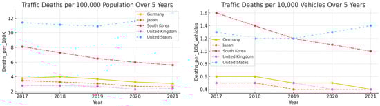As of 2023, South Korea had approximately 26 million registered vehicles, with around 21 million being passenger cars and 4 million trucks. The total annual driving distance is approximately 335.6 billion kilometers, with highways alone accommodating about 8.5 million vehicles daily. In contrast, the total road length is 111,314 km, resulting in a ratio of 4.7 km per 1000 vehicles, which is the lowest among the Organization for Economic Co-operation and Development (OECD) countries. The number of traffic accidents in 2023 was approximately 200,000, with 152,935 being vehicle-to-vehicle collisions and 5017 of these occurring on expressways. Over a five-year period starting in 2017, as shown in Figure 1, South Korea ranked second to the United States among five OECD countries in terms of the number of traffic fatalities per 100,000 people, with a death rate per 10,000 vehicles similar to that of the United States, indicating a high level.
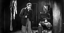 The scene switches to a man sitting in a chair holding a little boy about four or five years old. Another, younger-looking man enters the room through a door on the left of the screen towards another door on the right of the screen. The little boy jumps from the man's arms to the younger man, and the older man reaches out for him; it is here that we see that the older man is blind. The little boy runs to the younger man and grasps his leg, saying, "Daddy!" He looks at him briefly, then makes a hasty exit. The little boy begins to cry and the blind man sits him up on his lap and comforts him, stroking his hair and talking to him. Then the little boy helps the blind man put on his coat and hat to go out.
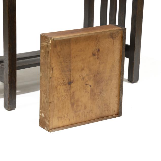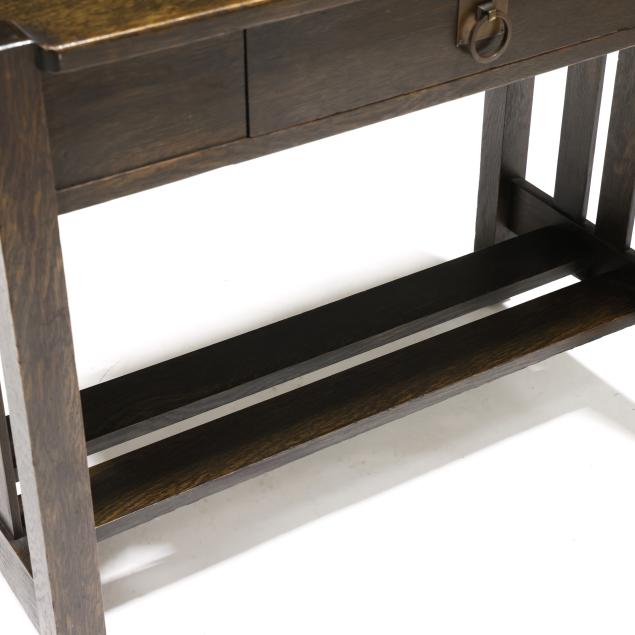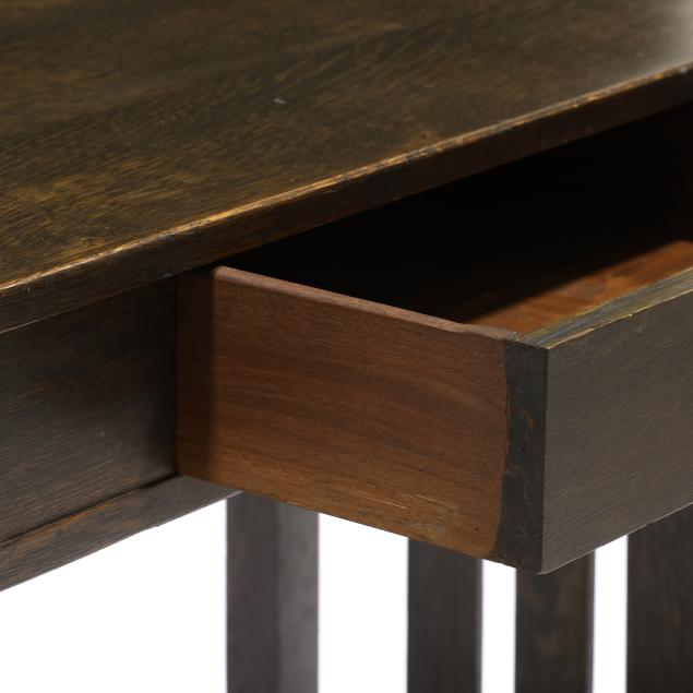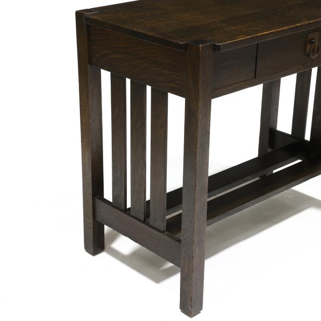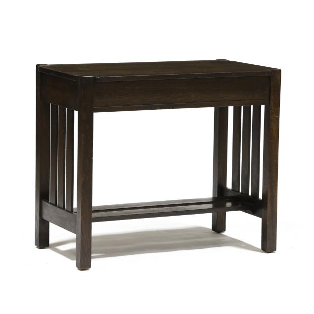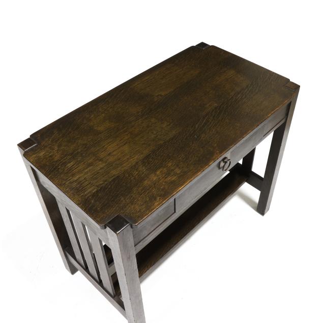 Early 20th century, rectangular top with cut corners, single drawer with ring pull, straight legs, slat sides and double slat stretcher base, underside with model number stencil, otherwise, appears unmarked.

Exercise prompt: The result should be a verbatim copy of the data, free of pictures.

Answer for this exercise:
As of 2023, South Korea had approximately 26 million registered vehicles, with around 21 million being passenger cars and 4 million trucks. The total annual driving distance is approximately 335.6 billion kilometers, with highways alone accommodating about 8.5 million vehicles daily. In contrast, the total road length is 111,314 km, resulting in a ratio of 4.7 km per 1000 vehicles, which is the lowest among the Organization for Economic Co-operation and Development (OECD) countries. The number of traffic accidents in 2023 was approximately 200,000, with 152,935 being vehicle-to-vehicle collisions and 5017 of these occurring on expressways. Over a five-year period starting in 2017, as shown in Figure 1, South Korea ranked second to the United States among five OECD countries in terms of the number of traffic fatalities per 100,000 people, with a death rate per 10,000 vehicles similar to that of the United States, indicating a high level.
 The scene switches to a man sitting in a chair holding a little boy about four or five years old. Another, younger-looking man enters the room through a door on the left of the screen towards another door on the right of the screen. The little boy jumps from the man's arms to the younger man, and the older man reaches out for him; it is here that we see that the older man is blind. The little boy runs to the younger man and grasps his leg, saying, "Daddy!" He looks at him briefly, then makes a hasty exit. The little boy begins to cry and the blind man sits him up on his lap and comforts him, stroking his hair and talking to him. Then the little boy helps the blind man put on his coat and hat to go out.
 Early 20th century, rectangular top with cut corners, single drawer with ring pull, straight legs, slat sides and double slat stretcher base, underside with model number stencil, otherwise, appears unmarked.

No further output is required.